Au vu de ces éléments, à l’encontre desquels l’employeur n’apporte pas d’éléments de réponse convaincants, la discrimination dont fait état madame A apparaît établie.
Il sera en conséquence fait droit en son principe à sa demande de dommages intérêts, cette discrimination causant à la salariée un préjudice.
Cependant, madame A admettant qu’elle a désormais été restaurée dans la plénitude de sa fonction de responsable du magasin de Saint-Sébastien sur Loire depuis le 1er mai 2013, comme elle en formulait la demande dans ses conclusions du 21 septembre 2012, après avoir bénéficié d’une formation de remise à jour de responsable de magasin, qui d’ailleurs révèle en elle- même qu’elle n’avait pas pleinement exercé cette fonction au cours des années précédentes, il y a lieu de limiter à 7000 € son indemnisation.
Il sera ajouté de ce chef au jugement.
Sur la demande nouvelle de remboursement des salaires versés à madame A à raison du mandat d’administrateur à la CAF
La société LIDL sera déboutée de cette demande, dès lors que madame A justifie de son mandat de 2006 à la CAF, dont l’employeur était informé (pièces 34, 35) que celui-ci a été renouvelé par arrêté du 12 octobre 2011, et que le code de la sécurité sociale dispose que les salaires du mandataire à la CAF demeurent à la charge de l’employeur qui se les fait rembourser, le société LIDL ne faisant état d’aucun refus de remboursement de la CAF qui contesterait les temps de présence allégués par madame A.

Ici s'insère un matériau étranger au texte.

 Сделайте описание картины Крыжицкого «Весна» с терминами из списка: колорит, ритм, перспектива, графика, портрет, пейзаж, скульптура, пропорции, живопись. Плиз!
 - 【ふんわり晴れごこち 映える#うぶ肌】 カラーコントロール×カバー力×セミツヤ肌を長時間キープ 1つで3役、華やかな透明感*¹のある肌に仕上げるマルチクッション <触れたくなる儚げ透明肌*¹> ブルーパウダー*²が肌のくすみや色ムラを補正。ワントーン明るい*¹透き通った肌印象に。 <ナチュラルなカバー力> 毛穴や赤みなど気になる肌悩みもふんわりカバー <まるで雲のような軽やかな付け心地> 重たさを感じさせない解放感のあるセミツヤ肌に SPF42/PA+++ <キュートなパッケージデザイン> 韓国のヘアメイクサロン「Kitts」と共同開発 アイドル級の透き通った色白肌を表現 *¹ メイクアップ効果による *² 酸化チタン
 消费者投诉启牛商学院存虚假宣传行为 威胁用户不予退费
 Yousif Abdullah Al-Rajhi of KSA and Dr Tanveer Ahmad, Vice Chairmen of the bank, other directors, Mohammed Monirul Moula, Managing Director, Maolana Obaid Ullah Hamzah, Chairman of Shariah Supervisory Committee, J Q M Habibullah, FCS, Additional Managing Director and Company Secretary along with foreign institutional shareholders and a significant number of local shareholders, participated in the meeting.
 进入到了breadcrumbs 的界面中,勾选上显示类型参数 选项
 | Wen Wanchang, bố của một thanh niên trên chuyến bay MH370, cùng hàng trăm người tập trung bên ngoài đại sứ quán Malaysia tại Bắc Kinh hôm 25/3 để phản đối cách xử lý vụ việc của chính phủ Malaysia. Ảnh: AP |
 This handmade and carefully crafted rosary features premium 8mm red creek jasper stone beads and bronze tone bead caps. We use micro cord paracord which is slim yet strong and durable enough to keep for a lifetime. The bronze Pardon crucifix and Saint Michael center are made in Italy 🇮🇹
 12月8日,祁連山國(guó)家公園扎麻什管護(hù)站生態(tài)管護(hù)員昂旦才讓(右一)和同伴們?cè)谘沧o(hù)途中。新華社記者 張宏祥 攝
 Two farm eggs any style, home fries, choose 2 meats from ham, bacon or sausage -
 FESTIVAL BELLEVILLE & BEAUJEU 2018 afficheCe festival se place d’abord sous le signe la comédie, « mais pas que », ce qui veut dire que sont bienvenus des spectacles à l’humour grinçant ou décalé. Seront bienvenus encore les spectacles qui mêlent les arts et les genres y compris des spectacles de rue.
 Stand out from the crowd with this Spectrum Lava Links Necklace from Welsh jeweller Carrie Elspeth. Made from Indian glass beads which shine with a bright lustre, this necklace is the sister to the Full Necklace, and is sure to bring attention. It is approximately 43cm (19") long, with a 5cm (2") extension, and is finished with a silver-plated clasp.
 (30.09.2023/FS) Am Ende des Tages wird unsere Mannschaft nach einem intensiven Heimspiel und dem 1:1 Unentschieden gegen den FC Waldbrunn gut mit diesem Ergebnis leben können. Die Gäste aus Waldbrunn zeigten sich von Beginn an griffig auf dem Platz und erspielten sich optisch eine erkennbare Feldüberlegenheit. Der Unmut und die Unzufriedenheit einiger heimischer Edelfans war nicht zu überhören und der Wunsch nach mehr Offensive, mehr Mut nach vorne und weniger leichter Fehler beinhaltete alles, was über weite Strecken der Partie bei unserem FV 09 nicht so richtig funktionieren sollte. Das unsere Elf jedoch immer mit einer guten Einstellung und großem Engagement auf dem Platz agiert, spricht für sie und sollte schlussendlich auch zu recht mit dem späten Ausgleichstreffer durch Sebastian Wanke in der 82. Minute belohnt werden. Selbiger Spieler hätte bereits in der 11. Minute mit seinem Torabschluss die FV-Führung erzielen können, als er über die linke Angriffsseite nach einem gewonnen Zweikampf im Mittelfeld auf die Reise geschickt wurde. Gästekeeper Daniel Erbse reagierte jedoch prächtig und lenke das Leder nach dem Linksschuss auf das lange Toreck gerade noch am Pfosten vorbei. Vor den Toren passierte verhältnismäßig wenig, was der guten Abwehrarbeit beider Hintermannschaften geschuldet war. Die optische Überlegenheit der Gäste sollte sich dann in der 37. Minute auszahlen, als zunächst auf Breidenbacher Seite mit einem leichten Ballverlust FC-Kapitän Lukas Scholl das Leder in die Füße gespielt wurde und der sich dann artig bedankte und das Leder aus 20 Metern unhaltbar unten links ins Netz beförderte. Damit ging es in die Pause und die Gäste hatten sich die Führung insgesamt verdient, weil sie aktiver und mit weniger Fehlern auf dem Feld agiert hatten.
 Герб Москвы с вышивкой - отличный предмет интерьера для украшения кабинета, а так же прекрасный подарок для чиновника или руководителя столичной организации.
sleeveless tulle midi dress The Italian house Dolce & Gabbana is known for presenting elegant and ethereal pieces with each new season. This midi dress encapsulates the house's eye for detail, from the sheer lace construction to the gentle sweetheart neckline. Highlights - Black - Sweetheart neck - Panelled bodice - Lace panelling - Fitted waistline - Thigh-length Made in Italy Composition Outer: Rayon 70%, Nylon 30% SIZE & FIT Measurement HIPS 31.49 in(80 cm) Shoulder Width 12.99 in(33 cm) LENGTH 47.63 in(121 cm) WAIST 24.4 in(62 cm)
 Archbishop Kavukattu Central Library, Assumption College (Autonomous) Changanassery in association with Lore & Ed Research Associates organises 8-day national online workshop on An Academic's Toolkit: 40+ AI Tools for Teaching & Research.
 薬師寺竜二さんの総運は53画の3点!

Sur les dépens et l’article 700 du code de procédure civile
La société LIDL dont les prétentions sont rejetées, supportera la charge des dépens et sera condamnée à payer à madame A, à qui il serait inéquitable de laisser la charge de ses frais irrépétibles en appel, une somme de 2800 € en application de l’article 700 du code de procédure civile.
PAR CES MOTIFS
LA COUR
Réforme partiellement le jugement déféré en ce qu’il a condamné la société LIDL à verser à madame A une somme de 1500 € à titre de dommages intérêts ;
Statuant à nouveau :
Condamne la société LIDL à verser à madame A une somme de 2200 € nette de CGS CRDS à titre de dommages intérêts ;
Confirme pour le surplus le jugement déféré ;
Y ajoutant :
Condamne la société LIDL à verser à madame A une somme de 7000 € à titre de dommages intérêts pour discrimination ;
Déboute la société LIDL de sa demande nouvelle de remboursement de la somme de 3964,44 € versée à madame A au titre du maintien indû du salaire durant l’exercice du mandat d’administrateur à la CAF ;
Condamne la société LIDL à verser à madame A une somme de 2800 € en application de l’article 700 du code de procédure civile ;
Condamne la société LIDL aux dépens.